These are the views of Professor Roman Grynberg and not necessarily those of any institution with which he may be affiliated.

 

 

 

 

 

Friday, 16 January 2015

Knowing the future and Revising the Diamond Projections


Knowing the future and Revising the Diamond Projections

‘De Beers and the Ministry of Minerals Energy and Water Resources should  release, in approximate figures,  the new diamond resource assessment because it will remove uncertainty  about what President Khama meant about Botswana reaming a ‘significant diamond producer’ until 2050 and will help private investors in Botswana make better informed decisions.’

In late 2008, in wake of the financial meltdown,  the worst since the Great Depression of the 1930’s,  Her Majesty Queen Elizabeth, paid a visit to the London School of Economics and posed the incredibly embarrassing question to the assembled economists  ‘how was it that none of you  could see this coming?’She asked. It was a question that could not easily be dismissed because, after all, this was the Queen and she was simply echoing the very question that was on everyone’s lips.  How did the economists get the future so wrong? The number crunchers from the LSE, one of the UK homes of that type of economists who believe they can help mere mortals see the future through their highly sophisticated equations and models looked at their shoes and within a few weeks were spinning all sorts of answers.

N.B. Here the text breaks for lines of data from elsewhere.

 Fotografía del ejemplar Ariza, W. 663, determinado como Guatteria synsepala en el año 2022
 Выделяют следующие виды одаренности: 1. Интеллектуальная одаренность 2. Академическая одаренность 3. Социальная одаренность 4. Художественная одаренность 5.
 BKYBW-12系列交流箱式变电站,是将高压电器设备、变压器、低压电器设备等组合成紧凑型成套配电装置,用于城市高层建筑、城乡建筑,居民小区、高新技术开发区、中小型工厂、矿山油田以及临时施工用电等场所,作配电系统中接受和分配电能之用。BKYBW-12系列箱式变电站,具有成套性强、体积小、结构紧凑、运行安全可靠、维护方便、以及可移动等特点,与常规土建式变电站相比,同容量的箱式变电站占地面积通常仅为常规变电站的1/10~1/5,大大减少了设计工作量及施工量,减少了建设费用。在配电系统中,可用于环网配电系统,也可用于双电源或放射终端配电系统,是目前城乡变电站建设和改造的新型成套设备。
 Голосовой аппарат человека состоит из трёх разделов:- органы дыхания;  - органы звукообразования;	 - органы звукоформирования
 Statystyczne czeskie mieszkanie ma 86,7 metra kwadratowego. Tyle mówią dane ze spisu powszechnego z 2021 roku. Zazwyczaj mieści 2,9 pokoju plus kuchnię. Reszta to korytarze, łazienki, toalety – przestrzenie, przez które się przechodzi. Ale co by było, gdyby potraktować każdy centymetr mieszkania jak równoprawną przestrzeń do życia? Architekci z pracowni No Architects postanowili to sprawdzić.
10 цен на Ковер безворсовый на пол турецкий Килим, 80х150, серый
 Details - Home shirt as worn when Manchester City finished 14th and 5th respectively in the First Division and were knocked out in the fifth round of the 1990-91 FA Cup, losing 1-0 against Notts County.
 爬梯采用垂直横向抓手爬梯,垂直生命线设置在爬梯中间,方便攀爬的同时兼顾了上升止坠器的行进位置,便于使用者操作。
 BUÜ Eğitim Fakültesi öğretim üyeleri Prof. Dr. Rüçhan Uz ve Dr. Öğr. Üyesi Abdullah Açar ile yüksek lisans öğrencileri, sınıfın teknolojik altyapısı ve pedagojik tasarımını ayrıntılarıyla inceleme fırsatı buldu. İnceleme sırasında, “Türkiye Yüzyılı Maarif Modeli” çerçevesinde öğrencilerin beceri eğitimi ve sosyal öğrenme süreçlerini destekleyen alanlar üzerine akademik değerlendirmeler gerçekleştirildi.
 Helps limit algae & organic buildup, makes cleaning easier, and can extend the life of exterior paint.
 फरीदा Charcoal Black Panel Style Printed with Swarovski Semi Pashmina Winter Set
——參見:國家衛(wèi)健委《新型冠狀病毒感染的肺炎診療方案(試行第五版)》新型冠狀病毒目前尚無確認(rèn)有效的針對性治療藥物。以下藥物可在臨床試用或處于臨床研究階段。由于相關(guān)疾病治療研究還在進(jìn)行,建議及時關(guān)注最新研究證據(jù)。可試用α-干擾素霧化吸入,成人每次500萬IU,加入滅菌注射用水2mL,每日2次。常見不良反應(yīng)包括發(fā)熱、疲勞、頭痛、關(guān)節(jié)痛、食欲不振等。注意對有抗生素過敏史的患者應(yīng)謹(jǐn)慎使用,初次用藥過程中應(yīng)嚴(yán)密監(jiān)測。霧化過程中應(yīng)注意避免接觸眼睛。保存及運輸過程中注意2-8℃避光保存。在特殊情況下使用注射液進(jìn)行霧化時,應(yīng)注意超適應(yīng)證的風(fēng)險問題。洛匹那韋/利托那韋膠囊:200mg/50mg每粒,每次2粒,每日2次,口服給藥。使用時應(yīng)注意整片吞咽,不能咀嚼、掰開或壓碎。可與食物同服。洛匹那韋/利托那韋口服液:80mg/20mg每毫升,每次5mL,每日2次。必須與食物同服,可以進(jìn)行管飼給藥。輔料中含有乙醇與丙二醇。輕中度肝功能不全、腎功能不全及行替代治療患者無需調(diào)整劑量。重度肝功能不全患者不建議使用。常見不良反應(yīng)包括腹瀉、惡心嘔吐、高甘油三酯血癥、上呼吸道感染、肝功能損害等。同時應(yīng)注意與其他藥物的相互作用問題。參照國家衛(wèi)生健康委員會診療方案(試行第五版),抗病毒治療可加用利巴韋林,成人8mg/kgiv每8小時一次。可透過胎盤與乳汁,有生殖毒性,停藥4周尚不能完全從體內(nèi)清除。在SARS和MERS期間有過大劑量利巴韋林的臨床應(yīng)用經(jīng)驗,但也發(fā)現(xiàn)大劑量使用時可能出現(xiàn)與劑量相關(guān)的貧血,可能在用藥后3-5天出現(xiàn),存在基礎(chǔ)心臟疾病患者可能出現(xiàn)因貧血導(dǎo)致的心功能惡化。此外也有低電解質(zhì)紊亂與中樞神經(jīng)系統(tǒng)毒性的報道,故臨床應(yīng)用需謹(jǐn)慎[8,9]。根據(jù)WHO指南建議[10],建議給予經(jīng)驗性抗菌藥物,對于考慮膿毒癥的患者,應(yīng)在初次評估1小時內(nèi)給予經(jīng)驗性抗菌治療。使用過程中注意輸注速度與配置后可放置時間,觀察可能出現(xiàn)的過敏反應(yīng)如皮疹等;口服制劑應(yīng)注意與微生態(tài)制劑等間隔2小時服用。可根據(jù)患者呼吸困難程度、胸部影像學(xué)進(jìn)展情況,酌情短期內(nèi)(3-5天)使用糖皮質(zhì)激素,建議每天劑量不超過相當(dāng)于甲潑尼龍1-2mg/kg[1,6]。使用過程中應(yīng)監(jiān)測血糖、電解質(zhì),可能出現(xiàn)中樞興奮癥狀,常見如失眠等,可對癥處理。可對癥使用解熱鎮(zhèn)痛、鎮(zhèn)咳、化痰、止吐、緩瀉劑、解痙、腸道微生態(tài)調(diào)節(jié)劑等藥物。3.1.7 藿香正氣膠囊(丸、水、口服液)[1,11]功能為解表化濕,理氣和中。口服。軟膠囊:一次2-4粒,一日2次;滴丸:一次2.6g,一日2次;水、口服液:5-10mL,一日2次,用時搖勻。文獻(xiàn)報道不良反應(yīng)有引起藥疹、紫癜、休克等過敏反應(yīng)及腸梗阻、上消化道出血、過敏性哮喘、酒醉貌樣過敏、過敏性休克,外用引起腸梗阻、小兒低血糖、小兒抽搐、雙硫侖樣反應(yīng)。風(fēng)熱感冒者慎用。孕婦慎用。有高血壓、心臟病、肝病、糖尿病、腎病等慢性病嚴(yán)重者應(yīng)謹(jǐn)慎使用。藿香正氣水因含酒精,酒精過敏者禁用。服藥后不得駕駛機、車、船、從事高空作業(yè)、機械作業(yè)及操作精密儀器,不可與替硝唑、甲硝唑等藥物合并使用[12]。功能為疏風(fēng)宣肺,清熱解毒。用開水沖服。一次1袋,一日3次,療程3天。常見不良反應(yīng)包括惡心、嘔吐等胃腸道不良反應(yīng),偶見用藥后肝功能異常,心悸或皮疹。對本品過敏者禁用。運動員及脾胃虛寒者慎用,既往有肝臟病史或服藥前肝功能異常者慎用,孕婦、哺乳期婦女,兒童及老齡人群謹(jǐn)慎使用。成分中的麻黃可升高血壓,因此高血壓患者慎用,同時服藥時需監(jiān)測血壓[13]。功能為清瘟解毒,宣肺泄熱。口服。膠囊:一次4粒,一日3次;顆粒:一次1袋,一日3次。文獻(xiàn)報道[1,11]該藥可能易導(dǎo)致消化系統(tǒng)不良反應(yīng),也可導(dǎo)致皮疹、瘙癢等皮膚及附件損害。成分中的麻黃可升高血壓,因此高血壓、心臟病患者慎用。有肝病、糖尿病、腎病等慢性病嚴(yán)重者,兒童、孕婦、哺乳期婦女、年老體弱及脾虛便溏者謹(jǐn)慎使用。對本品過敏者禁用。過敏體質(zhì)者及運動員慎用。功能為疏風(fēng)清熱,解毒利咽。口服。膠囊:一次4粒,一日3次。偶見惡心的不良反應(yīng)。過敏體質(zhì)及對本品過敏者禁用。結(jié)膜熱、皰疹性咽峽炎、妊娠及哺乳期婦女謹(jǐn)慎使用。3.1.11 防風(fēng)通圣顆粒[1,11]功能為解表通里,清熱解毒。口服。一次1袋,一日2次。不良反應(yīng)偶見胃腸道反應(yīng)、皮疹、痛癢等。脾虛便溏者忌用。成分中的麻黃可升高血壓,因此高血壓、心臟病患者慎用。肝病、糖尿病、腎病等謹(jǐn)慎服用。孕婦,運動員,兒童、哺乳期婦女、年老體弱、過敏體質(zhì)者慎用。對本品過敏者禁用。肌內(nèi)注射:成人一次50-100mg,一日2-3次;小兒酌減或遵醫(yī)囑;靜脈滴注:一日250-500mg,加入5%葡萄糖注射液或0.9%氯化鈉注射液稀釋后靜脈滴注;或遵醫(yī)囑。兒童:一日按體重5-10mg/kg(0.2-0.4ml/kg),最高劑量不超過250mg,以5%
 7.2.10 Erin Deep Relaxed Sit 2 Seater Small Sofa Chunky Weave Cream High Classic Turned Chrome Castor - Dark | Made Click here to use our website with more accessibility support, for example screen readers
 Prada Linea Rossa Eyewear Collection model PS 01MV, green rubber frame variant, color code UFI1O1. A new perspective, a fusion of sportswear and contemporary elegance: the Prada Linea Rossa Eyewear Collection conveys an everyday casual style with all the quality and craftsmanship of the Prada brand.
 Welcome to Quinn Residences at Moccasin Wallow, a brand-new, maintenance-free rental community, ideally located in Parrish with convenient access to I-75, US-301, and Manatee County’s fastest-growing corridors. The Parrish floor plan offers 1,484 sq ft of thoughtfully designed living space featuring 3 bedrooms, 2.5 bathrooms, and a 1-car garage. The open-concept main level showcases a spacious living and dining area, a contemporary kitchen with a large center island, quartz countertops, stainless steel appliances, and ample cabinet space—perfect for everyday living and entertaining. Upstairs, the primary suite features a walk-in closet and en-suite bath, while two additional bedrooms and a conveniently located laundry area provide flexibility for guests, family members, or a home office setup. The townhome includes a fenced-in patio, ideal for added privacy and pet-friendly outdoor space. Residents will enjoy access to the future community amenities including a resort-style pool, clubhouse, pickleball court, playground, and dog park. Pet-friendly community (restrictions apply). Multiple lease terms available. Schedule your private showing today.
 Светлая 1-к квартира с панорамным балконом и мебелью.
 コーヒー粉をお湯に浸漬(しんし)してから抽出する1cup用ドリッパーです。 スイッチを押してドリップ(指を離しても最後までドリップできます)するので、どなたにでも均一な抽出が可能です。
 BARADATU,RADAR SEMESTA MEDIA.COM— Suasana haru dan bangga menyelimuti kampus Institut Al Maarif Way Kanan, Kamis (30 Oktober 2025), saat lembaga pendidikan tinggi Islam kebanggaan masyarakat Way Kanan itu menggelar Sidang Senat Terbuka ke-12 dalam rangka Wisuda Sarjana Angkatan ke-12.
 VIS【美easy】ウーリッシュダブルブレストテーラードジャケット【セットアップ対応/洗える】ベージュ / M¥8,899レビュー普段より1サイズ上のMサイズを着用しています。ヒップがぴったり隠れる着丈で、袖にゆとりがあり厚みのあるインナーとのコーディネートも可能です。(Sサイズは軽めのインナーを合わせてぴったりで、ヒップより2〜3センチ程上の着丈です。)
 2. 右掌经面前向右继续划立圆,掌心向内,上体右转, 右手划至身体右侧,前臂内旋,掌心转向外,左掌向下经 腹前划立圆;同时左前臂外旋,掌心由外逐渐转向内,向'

Had the Queen gone to Cambridge University she might have come across a few remaining economists who were still literate but not counted amongst the highly numerate charlatans that populate so many universities. Those who were trained by Lord Keynes, the most famous economist of the 20th century, would certainly have answered what Keynes taught at Cambridge and what every businessman and woman  know-  ‘Mam’, they would almost certainly reply ‘the past is immutable and the future  is unknowable’ This is almost trite but it encapsulates the difficulty that we all face both as people and as businessmen. We make an investment and one it is made that decision cannot be readily changed and we make that investment believing but never really knowing what the future holds cannot be known it offers opportunities. And where we are wrong in our investments and the dice of posterity do not fall in our favour...there is always the bankruptcy court which is market’s way of dealing with fools and uninformed optimists.

In 2008 and 2009 the consensus amongst mainstream economists  was that what was happening to the world was just a financial crisis  stemming from US banks and global investors having mistakenly and with government incentives offered  mortgages to people who did not have the income enough to pay. This is what was called the ‘sub-prime mortgage crisis’. Banks all over the world bought bundles of these American mortgages, often not knowing the laws or even the nature of the asset they were buying, and hence an American financial disaster quickly morphed into a global one.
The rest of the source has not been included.